Look through the data below and extract, unchanged, the lines from the one that contains "DOPPELHERZ AKTIV OMEGA" to the one that contains "冲锋坦克2GL65的C面同样", both included.
■ ■ ■ ■ ■ ■ ■
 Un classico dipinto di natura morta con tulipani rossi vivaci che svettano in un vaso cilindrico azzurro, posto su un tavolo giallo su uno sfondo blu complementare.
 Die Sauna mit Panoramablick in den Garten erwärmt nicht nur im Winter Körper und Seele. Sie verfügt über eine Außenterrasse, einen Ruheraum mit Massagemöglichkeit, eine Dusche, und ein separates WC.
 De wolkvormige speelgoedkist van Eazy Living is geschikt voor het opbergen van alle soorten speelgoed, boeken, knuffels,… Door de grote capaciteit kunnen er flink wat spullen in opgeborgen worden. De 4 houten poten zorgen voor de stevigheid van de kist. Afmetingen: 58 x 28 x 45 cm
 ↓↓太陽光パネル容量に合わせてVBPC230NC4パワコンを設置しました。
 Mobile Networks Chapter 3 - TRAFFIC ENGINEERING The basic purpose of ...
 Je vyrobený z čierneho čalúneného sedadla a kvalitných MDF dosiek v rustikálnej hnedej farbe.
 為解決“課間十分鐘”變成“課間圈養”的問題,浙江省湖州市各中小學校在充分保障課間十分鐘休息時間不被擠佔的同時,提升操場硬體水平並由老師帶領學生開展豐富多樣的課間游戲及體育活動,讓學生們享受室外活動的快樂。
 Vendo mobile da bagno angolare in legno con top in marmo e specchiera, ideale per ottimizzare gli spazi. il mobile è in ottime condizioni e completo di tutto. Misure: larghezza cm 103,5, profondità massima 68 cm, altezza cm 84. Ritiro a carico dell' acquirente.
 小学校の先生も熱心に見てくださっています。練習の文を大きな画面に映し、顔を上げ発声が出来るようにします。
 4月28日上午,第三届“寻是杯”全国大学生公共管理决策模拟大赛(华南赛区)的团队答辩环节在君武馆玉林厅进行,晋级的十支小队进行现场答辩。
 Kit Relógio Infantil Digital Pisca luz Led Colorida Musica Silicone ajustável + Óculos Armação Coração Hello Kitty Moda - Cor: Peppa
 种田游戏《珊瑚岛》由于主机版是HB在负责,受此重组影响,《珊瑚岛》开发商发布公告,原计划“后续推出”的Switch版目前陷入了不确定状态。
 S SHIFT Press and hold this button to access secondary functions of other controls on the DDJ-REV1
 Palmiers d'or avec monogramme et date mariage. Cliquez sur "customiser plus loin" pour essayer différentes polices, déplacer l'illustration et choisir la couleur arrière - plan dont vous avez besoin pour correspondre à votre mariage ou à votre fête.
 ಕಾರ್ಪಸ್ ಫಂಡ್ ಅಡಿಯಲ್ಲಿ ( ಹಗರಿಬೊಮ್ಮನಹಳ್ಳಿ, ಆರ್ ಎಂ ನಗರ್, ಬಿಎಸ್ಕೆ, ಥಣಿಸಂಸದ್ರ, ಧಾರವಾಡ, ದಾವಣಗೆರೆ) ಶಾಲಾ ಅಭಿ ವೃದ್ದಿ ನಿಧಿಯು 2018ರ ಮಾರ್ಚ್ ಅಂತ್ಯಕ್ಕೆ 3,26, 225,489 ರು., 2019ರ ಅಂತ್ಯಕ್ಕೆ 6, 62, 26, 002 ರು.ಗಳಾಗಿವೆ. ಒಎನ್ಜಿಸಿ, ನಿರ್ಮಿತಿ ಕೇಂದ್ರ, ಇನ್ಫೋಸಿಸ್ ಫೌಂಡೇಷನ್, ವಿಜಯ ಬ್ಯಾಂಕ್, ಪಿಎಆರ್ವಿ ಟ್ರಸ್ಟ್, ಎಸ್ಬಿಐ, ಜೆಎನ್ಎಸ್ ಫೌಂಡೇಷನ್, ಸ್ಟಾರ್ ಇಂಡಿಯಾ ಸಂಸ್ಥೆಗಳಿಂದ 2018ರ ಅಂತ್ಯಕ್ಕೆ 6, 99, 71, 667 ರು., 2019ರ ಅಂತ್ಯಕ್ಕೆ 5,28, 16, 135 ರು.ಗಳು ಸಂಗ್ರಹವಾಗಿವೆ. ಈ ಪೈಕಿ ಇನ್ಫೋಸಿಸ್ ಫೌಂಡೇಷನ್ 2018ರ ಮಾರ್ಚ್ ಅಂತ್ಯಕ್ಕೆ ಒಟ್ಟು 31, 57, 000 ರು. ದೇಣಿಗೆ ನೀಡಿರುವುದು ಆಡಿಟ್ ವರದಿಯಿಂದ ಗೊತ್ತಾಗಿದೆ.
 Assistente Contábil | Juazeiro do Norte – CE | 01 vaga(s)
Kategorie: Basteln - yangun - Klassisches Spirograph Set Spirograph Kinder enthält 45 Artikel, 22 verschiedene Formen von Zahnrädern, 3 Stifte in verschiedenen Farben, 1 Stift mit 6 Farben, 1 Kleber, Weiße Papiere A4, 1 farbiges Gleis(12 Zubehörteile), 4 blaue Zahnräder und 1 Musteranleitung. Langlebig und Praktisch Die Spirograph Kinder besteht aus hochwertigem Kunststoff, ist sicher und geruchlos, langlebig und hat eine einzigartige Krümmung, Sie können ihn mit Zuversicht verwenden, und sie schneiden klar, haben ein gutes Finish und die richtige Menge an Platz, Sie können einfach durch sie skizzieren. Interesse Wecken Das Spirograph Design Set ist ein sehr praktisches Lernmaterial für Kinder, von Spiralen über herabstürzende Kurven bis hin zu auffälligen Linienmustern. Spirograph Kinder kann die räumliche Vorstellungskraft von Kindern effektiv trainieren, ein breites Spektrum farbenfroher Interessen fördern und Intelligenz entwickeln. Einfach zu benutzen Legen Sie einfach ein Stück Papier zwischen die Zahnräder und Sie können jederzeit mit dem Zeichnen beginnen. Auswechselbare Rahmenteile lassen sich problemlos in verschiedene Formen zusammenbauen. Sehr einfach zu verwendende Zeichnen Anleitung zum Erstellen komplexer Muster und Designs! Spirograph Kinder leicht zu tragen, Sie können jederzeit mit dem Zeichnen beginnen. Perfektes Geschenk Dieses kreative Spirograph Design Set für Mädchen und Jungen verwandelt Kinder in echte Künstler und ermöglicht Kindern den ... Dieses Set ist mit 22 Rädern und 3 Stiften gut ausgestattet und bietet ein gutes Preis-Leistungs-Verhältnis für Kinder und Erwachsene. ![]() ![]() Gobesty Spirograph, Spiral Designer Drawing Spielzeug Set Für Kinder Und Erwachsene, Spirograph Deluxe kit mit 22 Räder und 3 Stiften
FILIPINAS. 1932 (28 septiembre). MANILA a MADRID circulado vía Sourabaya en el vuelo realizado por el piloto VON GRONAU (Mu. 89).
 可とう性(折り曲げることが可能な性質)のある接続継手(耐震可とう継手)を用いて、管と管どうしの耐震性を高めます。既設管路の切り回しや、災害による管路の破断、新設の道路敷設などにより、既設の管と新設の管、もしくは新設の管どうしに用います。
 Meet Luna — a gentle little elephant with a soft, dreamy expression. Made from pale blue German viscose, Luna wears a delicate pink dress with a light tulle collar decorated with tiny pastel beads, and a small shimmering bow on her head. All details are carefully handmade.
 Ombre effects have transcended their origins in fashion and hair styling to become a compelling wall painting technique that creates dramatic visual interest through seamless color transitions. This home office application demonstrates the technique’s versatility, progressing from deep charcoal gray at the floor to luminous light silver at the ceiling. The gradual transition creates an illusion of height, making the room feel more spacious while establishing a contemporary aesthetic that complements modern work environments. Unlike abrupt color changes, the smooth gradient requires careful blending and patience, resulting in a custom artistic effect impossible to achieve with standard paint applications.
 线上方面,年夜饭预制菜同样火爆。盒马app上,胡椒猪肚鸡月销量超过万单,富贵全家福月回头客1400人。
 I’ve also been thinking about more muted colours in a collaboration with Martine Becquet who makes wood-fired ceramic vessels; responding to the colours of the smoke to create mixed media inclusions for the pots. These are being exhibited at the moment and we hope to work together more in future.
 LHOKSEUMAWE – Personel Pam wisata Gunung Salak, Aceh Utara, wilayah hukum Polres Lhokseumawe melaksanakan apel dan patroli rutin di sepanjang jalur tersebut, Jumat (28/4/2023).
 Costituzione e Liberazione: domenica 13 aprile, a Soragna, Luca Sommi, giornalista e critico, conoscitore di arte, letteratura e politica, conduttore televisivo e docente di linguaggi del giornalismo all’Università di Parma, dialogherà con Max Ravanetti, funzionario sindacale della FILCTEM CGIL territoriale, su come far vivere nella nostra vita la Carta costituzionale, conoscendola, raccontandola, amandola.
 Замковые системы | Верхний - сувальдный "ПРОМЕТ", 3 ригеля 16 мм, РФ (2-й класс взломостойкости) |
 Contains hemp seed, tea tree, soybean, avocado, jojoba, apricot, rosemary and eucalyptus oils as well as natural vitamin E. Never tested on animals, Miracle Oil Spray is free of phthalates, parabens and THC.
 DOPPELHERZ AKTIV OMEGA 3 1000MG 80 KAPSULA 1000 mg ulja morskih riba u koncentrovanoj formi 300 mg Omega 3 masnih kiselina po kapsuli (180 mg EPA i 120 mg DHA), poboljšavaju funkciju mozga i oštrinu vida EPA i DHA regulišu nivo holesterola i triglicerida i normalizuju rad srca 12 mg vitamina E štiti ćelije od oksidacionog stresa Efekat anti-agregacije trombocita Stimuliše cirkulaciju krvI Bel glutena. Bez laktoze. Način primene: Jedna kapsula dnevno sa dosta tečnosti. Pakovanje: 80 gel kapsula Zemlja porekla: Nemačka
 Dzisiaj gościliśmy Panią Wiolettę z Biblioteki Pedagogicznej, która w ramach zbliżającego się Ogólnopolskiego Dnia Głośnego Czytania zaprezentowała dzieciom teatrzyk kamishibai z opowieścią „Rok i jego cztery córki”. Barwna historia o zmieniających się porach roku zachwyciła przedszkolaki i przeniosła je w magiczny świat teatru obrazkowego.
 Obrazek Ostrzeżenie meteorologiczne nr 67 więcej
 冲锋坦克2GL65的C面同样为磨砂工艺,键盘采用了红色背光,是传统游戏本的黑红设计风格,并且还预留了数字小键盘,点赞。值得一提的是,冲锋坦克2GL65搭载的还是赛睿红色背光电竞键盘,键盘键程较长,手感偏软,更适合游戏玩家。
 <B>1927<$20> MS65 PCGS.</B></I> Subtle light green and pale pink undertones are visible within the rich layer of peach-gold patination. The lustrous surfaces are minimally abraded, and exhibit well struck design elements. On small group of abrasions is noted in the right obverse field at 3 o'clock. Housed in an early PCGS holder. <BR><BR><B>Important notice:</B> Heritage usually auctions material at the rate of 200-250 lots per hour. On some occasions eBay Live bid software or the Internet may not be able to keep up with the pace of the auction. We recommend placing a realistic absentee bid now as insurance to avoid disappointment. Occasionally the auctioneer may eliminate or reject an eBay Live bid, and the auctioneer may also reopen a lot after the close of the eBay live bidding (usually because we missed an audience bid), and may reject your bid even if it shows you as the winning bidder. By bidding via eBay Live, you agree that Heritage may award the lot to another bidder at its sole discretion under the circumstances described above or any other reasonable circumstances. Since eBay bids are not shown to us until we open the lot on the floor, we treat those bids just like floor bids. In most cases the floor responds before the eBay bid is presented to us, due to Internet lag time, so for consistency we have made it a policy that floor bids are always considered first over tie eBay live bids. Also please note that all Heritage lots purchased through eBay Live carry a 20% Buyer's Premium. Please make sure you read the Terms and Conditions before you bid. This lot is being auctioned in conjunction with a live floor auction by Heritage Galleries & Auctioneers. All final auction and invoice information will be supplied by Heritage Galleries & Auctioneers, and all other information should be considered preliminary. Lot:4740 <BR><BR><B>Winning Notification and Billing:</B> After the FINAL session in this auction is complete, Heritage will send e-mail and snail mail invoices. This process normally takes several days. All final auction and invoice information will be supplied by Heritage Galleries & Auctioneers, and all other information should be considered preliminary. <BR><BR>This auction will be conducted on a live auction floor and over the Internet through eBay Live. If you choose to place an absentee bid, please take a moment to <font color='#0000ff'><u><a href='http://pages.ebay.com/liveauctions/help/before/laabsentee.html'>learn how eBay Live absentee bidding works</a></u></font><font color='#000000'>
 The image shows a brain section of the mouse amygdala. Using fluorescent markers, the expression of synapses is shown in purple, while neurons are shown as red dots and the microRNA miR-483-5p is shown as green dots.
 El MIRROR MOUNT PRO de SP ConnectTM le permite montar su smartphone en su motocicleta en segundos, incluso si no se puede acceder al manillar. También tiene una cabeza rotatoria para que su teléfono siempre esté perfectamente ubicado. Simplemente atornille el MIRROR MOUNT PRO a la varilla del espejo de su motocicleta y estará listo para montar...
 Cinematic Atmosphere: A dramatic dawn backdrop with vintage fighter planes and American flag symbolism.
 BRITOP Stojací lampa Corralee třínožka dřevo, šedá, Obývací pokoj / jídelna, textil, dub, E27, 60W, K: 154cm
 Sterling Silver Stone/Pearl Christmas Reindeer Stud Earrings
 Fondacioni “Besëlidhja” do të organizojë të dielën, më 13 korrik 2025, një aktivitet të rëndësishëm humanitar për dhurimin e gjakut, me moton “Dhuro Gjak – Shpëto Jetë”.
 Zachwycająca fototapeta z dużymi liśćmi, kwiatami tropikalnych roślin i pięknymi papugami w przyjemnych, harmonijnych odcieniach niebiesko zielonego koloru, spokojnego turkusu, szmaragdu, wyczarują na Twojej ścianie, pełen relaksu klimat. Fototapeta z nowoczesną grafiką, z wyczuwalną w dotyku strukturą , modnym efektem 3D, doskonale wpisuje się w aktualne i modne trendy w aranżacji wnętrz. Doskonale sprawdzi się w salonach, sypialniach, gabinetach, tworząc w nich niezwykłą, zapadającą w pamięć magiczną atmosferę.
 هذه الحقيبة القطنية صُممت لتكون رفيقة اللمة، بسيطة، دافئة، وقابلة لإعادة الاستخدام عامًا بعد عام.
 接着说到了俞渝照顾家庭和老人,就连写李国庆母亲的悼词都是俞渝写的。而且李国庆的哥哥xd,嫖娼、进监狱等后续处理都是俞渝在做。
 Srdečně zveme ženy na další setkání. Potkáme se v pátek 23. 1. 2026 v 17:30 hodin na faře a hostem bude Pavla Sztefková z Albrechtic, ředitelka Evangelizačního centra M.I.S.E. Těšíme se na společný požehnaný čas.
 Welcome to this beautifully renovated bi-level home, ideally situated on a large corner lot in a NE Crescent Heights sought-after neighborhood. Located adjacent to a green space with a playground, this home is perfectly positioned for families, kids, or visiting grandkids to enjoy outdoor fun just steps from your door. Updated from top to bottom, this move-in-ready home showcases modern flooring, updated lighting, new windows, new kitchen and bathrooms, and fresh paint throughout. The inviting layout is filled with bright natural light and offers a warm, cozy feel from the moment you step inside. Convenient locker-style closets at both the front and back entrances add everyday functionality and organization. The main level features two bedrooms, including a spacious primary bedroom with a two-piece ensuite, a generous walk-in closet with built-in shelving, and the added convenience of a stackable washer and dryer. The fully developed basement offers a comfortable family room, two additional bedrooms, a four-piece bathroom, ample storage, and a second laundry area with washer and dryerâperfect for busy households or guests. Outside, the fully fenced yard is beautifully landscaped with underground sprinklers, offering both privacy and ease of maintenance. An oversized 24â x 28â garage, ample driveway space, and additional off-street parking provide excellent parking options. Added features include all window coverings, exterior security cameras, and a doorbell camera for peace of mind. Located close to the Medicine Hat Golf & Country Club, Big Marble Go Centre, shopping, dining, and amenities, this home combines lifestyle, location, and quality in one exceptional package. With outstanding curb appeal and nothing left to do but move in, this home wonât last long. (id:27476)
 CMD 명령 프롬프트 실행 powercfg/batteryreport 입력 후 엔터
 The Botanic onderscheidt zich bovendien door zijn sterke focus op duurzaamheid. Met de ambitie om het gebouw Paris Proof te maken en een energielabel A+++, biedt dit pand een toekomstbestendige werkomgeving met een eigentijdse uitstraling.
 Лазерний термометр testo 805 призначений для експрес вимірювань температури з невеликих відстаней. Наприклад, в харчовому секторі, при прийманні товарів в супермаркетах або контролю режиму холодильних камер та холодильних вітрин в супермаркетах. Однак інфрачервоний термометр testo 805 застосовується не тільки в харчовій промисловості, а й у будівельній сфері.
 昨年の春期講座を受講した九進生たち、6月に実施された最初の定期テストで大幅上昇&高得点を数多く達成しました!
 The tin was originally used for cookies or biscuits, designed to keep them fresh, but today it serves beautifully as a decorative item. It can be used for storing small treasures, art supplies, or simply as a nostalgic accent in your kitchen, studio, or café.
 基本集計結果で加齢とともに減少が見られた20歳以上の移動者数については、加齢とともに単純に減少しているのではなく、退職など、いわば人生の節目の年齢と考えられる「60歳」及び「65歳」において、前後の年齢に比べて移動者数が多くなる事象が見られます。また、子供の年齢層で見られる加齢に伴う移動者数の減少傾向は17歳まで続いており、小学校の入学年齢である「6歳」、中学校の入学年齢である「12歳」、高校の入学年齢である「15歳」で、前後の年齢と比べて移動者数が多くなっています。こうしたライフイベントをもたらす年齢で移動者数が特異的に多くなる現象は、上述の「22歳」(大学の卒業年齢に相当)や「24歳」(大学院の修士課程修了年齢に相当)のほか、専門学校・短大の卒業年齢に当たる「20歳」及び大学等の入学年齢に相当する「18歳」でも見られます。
■ ■ ■ ■ ■ ■ ■
> _SOLUTION TO THIS EXERCISE_:
 DOPPELHERZ AKTIV OMEGA 3 1000MG 80 KAPSULA 1000 mg ulja morskih riba u koncentrovanoj formi 300 mg Omega 3 masnih kiselina po kapsuli (180 mg EPA i 120 mg DHA), poboljšavaju funkciju mozga i oštrinu vida EPA i DHA regulišu nivo holesterola i triglicerida i normalizuju rad srca 12 mg vitamina E štiti ćelije od oksidacionog stresa Efekat anti-agregacije trombocita Stimuliše cirkulaciju krvI Bel glutena. Bez laktoze. Način primene: Jedna kapsula dnevno sa dosta tečnosti. Pakovanje: 80 gel kapsula Zemlja porekla: Nemačka
 Dzisiaj gościliśmy Panią Wiolettę z Biblioteki Pedagogicznej, która w ramach zbliżającego się Ogólnopolskiego Dnia Głośnego Czytania zaprezentowała dzieciom teatrzyk kamishibai z opowieścią „Rok i jego cztery córki”. Barwna historia o zmieniających się porach roku zachwyciła przedszkolaki i przeniosła je w magiczny świat teatru obrazkowego.
 Obrazek Ostrzeżenie meteorologiczne nr 67 więcej
 冲锋坦克2GL65的C面同样为磨砂工艺,键盘采用了红色背光,是传统游戏本的黑红设计风格,并且还预留了数字小键盘,点赞。值得一提的是,冲锋坦克2GL65搭载的还是赛睿红色背光电竞键盘,键盘键程较长,手感偏软,更适合游戏玩家。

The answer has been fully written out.